Bug writing audio using custom video writer library

I'm trying to wrap a little handy piece of C++ code that is intended to generate video+audio on windows using VFW, the C++ library lives here and the descriptions says:

Uses Video for Windows (so it's not portable). Handy if you want to quickly record a video somewhere and don't feel like wading through the VfW docs yourself.

I'd like to use that C++ library on Python so I've decided to wrap it up using swig.

Thing is, I'm having some problems when it comes to encode the audio, for some reason I'm trying to understand why the generated video is broken, it seems the audio has not been written properly in the video file. That means, if I try to open the video with VLC or any similar video player I'll get a message saying the video player can't identify the audio or video codec. The video images are fine so it's definitely a problem with the way I'm writing the audio to the file.

I'm attaching both the swig interface and a little Python test that's trying to be a port of the original c++ test.

aviwriter.i

%module aviwriter

%{
#include "aviwriter.h"
%}

%typemap(in) (const unsigned char* buffer) (char* buffer, Py_ssize_t length) %{
  if(PyBytes_AsStringAndSize($input,&buffer,&length) == -1)
    SWIG_fail;
  $1 = (unsigned char*)buffer;
%}

%typemap(in) (const void* buffer) (char* buffer, Py_ssize_t length) %{
  if(PyBytes_AsStringAndSize($input,&buffer,&length) == -1)
    SWIG_fail;
  $1 = (void*)buffer;
%}


%include "aviwriter.h"

test.py

import argparse
import sys
import struct
from distutils.util import strtobool

from aviwriter import AVIWriter


if __name__ == "__main__":
    parser = argparse.ArgumentParser()
    parser.add_argument("-audio", action="store", default="1")
    parser.add_argument('-width', action="store",
                        dest="width", type=int, default=400)
    parser.add_argument('-height', action="store",
                        dest="height", type=int, default=300)
    parser.add_argument('-numframes', action="store",
                        dest="numframes", type=int, default=256)
    parser.add_argument('-framerate', action="store",
                        dest="framerate", type=int, default=60)
    parser.add_argument('-output', action="store",
                        dest="output", type=str, default="checker.avi")
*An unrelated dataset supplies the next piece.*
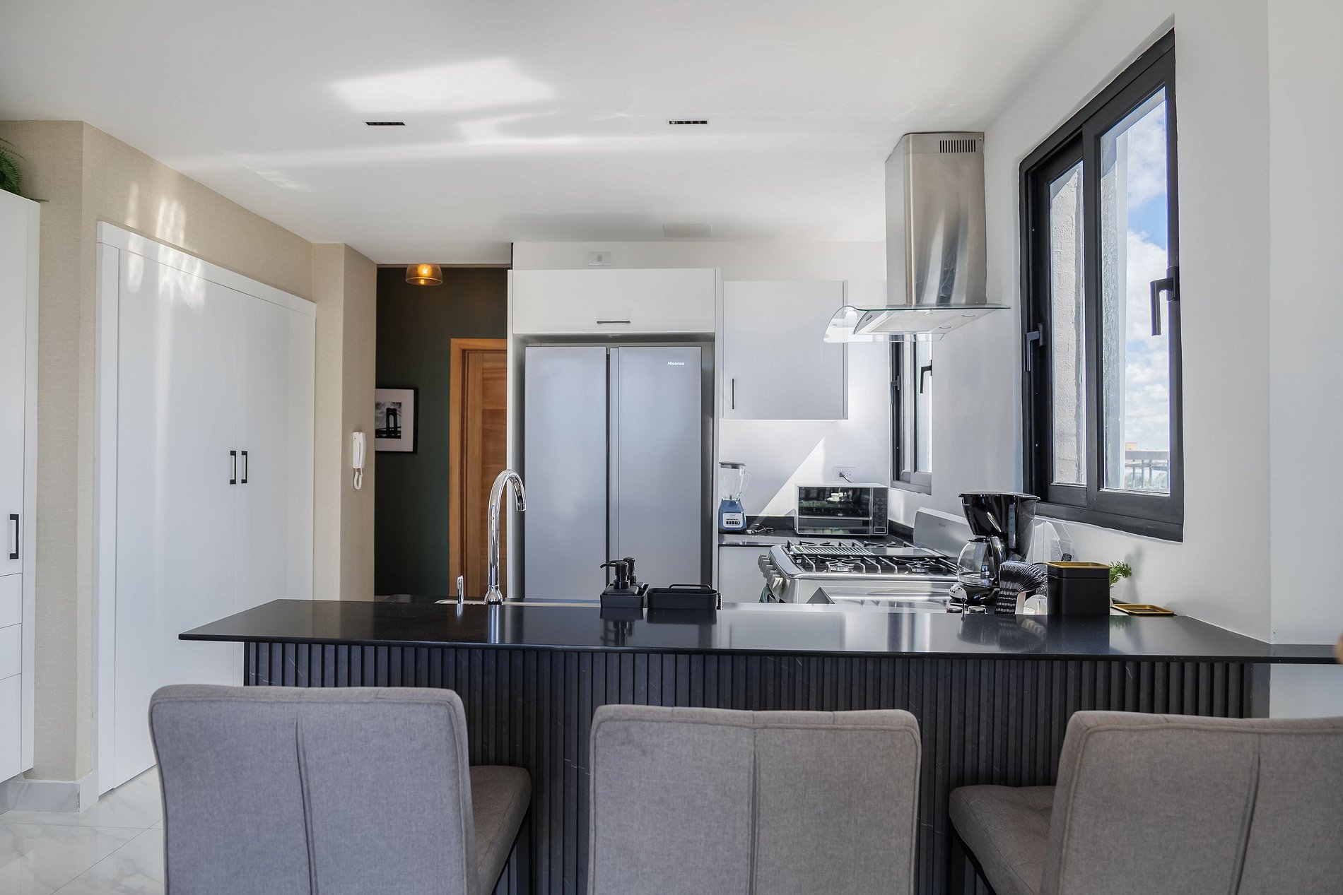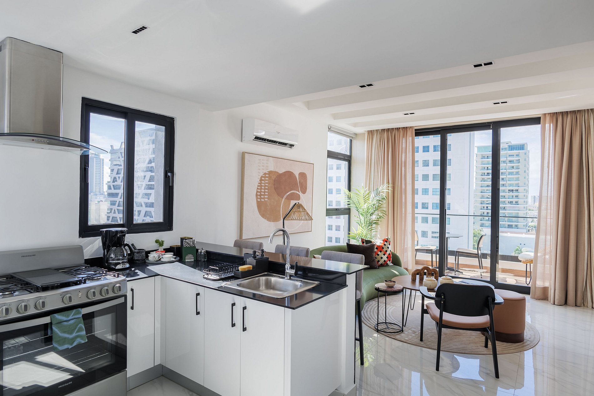 Enjoy a stylish experience at this centrally-located place in the heart of the city. This upscale one bedroom features an inviting and stylish interior with custom furniture, kitchen, and a private balcony with wonderful views. If the city is what you seek, here you have it! With this incredible location, savvy travelers will love the value of this stylish one bedroom apartment. Thoughtfully designed with bespoke finishes, modern furnishings, and kitchen, where you’ll get that “I’m home” feeling. The private balcony with all the comforts to enjoy the wonderful view from this 9th level apartment. Living room and bedroom feature a Smart TV to appreciate a movie or your preferred series. Whatever you have planned for your next adventure in the city, you will enjoy it! Amenities include: - Apartment is entirely yours. - 1 Parking spot is available. - One Master Bedroom with a Queen-size bed, mattress, sheets, duvet, and pillows. *Extra for longer stays only. - Smart TV in Master Bedroom and Living Room - Bedroom with its own private bathroom. - Air conditioning in bedroom and living room. - Kitchen with refrigerator, stove, oven, toaster, mugs, glasses, bowls, plates, utensils. *No salt, pepper, oil or condiments are provided. - Laundry area with washer and dryer (2 in one) - Hot water and electricity. ------------------------------------------------------------------ Staff is available from 8 am to 6 pm. Please read carefully the listing description, house rules, and check-in instructions, any questions please don’t hesitate to ask. Situations that may arise due to usage, will be scheduled to be solved as soon as possible. Emergencies that can wait for the next day, will be scheduled to be solved the next day. Please remember that this is an Airbnb and not a hotel, technicians and staff must be scheduled with anticipation and when available will solve any situation. As well, we do not offer Hotel types of services. Response time during Holidays/Weekends and after certain hours can be limited, as well as the availability of staff and technicians. ------------------------------------------------------------------- * No loud music after 10 pm. *Essentials provided for arrival: toilet paper, hand soap, dish soap, water, and coffee. * We do not provide bath soap, shampoo, conditioner, extra trash bags, or cleaning products. * It only accommodates (2) people, if more than 2 stay overnight we will charge $100 per extra person per night. * This home is in a residential building, please respect the rules established by it. *Early Check-Ins and Late Check-Outs are difficult to accommodate. If you need additional time, please consider booking an extra day. *Any guest booking this property must be staying at the property for the full duration of the reservation and is responsible for the actions of all people in the group. Bookings made on behalf of others are allowed for some unique circumstances so please inquire if you are planning to book for someone else but do not intend to stay yourself. * Alteration requests 7 days or less prior to check-in, will not be accepted. *If for any emergency, personal reason or situation out of our responsibility you need to checkout earlier than expected, cancel or change dates last minute, we will not refund under any circumstances the remaining days. You'll have access to: - Pool Area - Gym - Terrace *Only registered guests can make use of the building’s premises: terrace, pool, gym. Visitors are not allowed to use these areas under any circumstances. We are mostly available through Airbnb messaging, response in a matter of minutes. Rather than phone calls or other messaging apps. Staff is available from 8 am to 6 pm. Please read carefully the listing description, house rules, and check-in instructions, any questions please don’t hesitate to ask. Situations that may arise due to usage, will be scheduled to be solved as soon as possible. Emergencies that can wait for the next day, will be scheduled to be solved the next day. Please remember that this is an Airbnb and not a hotel, technicians and staff must be scheduled with anticipation and when available will solve any situation. As well, we do not offer Hotel types of services. Response time during Holidays/Weekends and after certain hours can be limited, as well as the availability of staff and technicians.

    args = parser.parse_args()

    audio = strtobool(args.audio)
    framerate = args.framerate
    num_frames = args.numframes
    width = args.width
    height = args.height
    output = args.output

    writer = AVIWriter()

    if not writer.Init(output, framerate):
        print("Couldn't open video file!")
        sys.exit(1)

    writer.SetSize(width, height)

    data = [0]*width*height
    sampleRate = 44100
    samples_per_frame = 44100 / framerate
    samples = [0]*int(samples_per_frame)

    c1, s1, f1 = 24000.0, 0.0, 0.03
    c2, s2, f2 = 1.0, 0.0, 0.0013

    for frame in range(num_frames):
        print(f"frame {frame}")

        i = 0
        for y in range(height):
            for x in range(width):
                on = ((x + frame) & 32) ^ ((y+frame) & 32)
                data[i] = 0xffffffff if on else 0xff000000
                i += 1
        writer.WriteFrame(
            struct.pack(f'{len(data)}L', *data),
            width*4
        )

        if audio:
            for i in range(int(samples_per_frame)):
                c1 -= f1*s1
                s1 += f1*c1
                c2 += f2*s2
                s2 -= f2*c2

                val = s1 * (0.75 + 0.25 * c2)
                if(frame == num_frames - 1):
                    val *= 1.0 * (samples_per_frame - 1 - i) / \
                        samples_per_frame
                samples[i] = int(val)

                if frame==0:
                    print(f"i={i} val={int(val)}")

            writer.WriteAudioFrame(
                struct.pack(f'{len(samples)}i', *samples),
                int(samples_per_frame)
            )

    writer.Exit()

I don't think samples is being generated incorrectly as I've already compared the values generated on the python side with the values generated on the c++ side, just the packet written for frame 0 though.

Some of my suspicions about what's wrong is the way I've created the typemap on swig, maybe that's not good... or maybe the problem lives in the line writer.WriteAudioFrame(struct.pack(f'{len(samples)}i', *samples), int(samples_per_frame)), I don't know what could be, definitely the way I'm sending the audio buffer from Python to the C++ wrapper is not good.

So, would you know how to fix the attached code so test.py will be able to generate a video with the right audio similarly to the c++ test?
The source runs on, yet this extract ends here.